The message was received, as those at the podium began to explain how residents could get the much-needed funds to become whole again.
Loretta stressed the problem of duplication, explaining homeowner's flood insurance and FEMA won't pay for the same damage. Those without flood insurance will need a letter of denial from their company to move the process forward.
To save costs later Loretta urged residents to take advantage of the program Babylon Town recently put in place, offering pickup of hazardous materials such as a boiler or battery, to be kept at the temporary storage facility at Venetian Shores.
(See the accompanying PDF files also posted on the Babylon Town website, and click here to check the latest Sandy updates and links for more information about this and other key recovery information from Babylon Town online.)
(Log onto the Village of Lindenhurst website, and click here to check the latest Sandy updates and recovery information from the Village online. Information about the VOL Relief Fund and how to donate could also be found here. Residents could also text VOL to 411247 for the latest recovery updates.)
Ed Dawson from the SBA explained to everyone the "three-legged stool" process to getting aid: FEMA, SBA, and personal flood insurance.
SBA is key, since many folks throw away the application when it comes in the mail, believing it's meant only for businesses.
In fact the SBA provides low-interest loans of up to $240,000 to those needing to replace their residence and property. For renters the maximum is $40,000. Interest rates start as low as 1.68 percent, and the ability to repay the loan is what SBA examines, not credit scores.
"Among the three [entities] these are the entities that are going to try and make you whole, but understand, you've got to go through the process," Dawson noted.

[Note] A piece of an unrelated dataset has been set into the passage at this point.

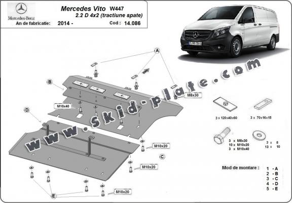 | The skid plate is new and fits perfectly for the Mercedes Vito W447 - 2.2D 4X2 , with the following engine/drive versions: 2.2D, 4X2 RWD - manufactured between 2014 and 2020. |

Those who don't qualify may be referred back to FEMA. Those without flood insurance cannot receive grant money from FEMA, but may still get money for what their insurance company wouldn't cover anyway.

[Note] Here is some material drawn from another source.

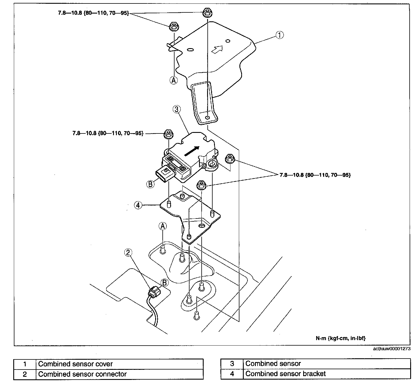 ^ The internal parts of the combined sensor could be damaged if dropped. Be careful not to drop the combined sensor. Replace the combined sensor if it is subjected to an impact. Also, do not use an impact wrench or other similar air tools when removing/installing the sensor.

When the money arrives, then what?
The Village's building department said they're going to simplify the rebuilding process by waiving building permits for those looking to fix minor damage, or get their homes raised, provided they stay within the original property footprint.
Buildings Inspector Tom Maher said those looking to exceed the maximum height of 26 feet will still need to go through the Zoning Board of Appeals, as will those looking to make additions to their homes.
Maher also urged residents to get an underwriter certificate from their electrician to guard against future costs.
Representatives from FEMA will continue to work out of the official Disaster Recovery Center at the Lindenhurst Memorial Library, and will be available to residents from 9 a.m. to 7 p.m. daily to guide residents further along the road to recovery.
FEMA rep Loretta said she sympathized with all in attendance, while at the same time offering a sliver of light in the post-Sandy clouds.
"This'll bring your community together' that's the upside of a disaster," she said. "You'll be a stronger community than you've ever been."